Her green eyes are soft and full of love as she tries to force the words into my soul. It's not the first time she's told me some version of this and it's not the first time I sat there wanting to believe it.

"I don't know if you and James will end up together, you might not and you'll be okay. But what's not okay is letting your parents have so much control over you and your life. Don't give them that."

I swallow down a lump that's lodged itself in my throat, surrounded by a home that's only ever shown me love and acceptance, with a woman who provided that. A woman I have wished countless times had been my mom. Why did I have to grow up with my parents? With their strict stifling rules? And their overbearing political and social views? Why did I have to be gay? Especially under that roof? It wouldn't have mattered had I been Grace's son.

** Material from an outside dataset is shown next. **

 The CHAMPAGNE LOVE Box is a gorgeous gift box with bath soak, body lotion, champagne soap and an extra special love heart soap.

But somewhere in all of my what if's, I know that Grace is right. I've spent my entire life, bending to the rules and opinions of my parents. Even after they tossed me aside. And I don't want to feel this way anymore. I don't want to be alone.

I know it's not as easy as flipping a switch. I can't just stop fearing things. But I came home for a reason. And I'm not going to let that reason slip away without trying.

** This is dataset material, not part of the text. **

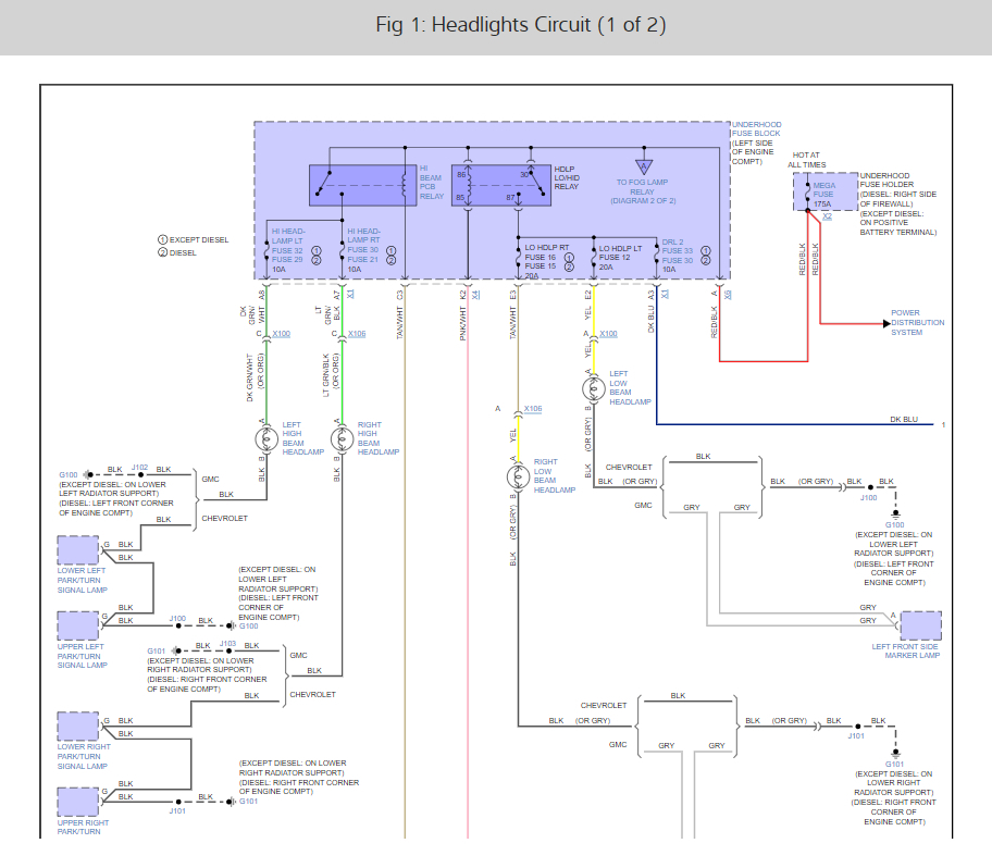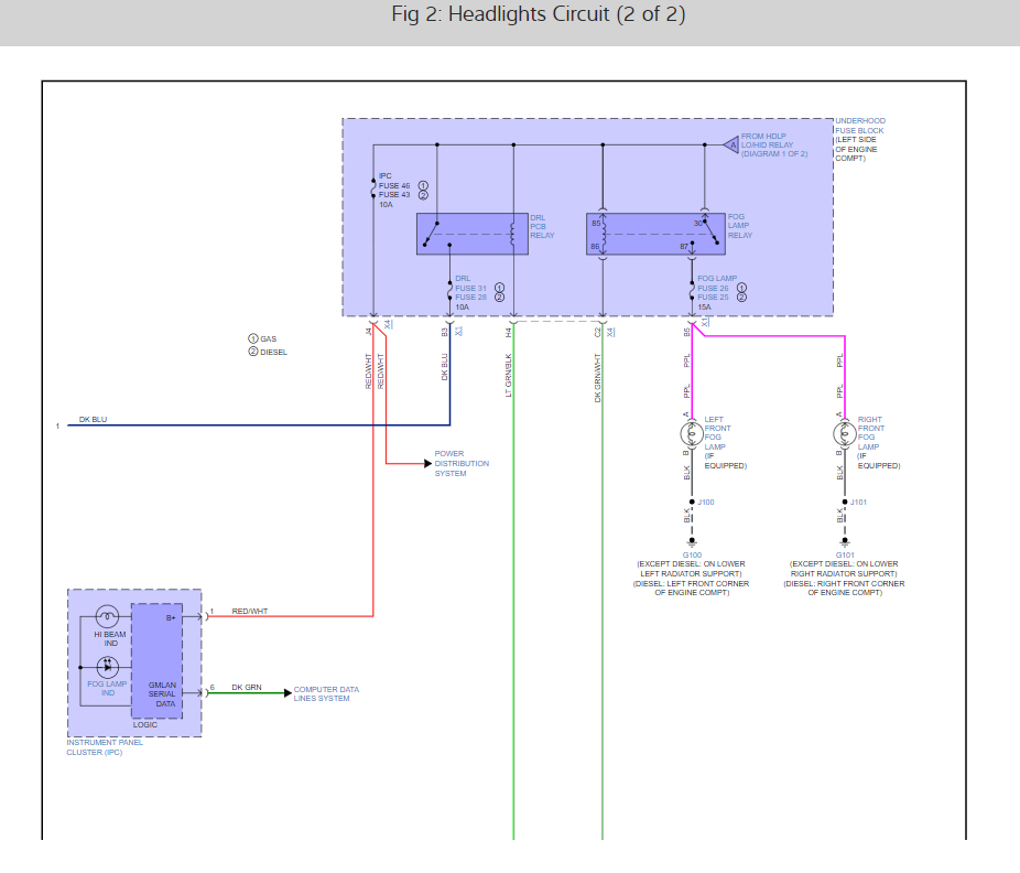My Low beams work and function as they should, when you try to flip to high beam little blue light appears on dash, but no lights. The fuse cluster is brand new. I spent the last couple of hours with a test light testing every port and think I found the culprit. There is a white and blue/purple(?) Wire leading out of each headlight assembly. The one from the pass side heads over to the driver's side. I believe this is ground... Maybe? Can you confirm? Would a bad ground be causing these symptoms? Where does this actually ground out at? I Did some searching and couldn’t see it. Also, this truck has a Boss snowplow and has the snowplow relays. All of these relays are brand new, so I don’t believe one of those is causing this.

I tell Grace "thanks" leaving my water abandoned on the counter after a hug and slip away to my room. As soon as the door is shut, I stare at my meticulously made bed with its tight corners and anger rips through me. Why am I still making my bed like this? Why is my room still devoid of anything that represents me?

Bounding to my bed, I tug at the corners, pulling them from their folds. I tear at the smoothed out comforter, balling it up and leaving everything disheveled as my chest heaves, my teeth ground together.

It's at this moment that the anger that consumes me ebbs away and I'm left with the realization that I hate my parents. I hate them.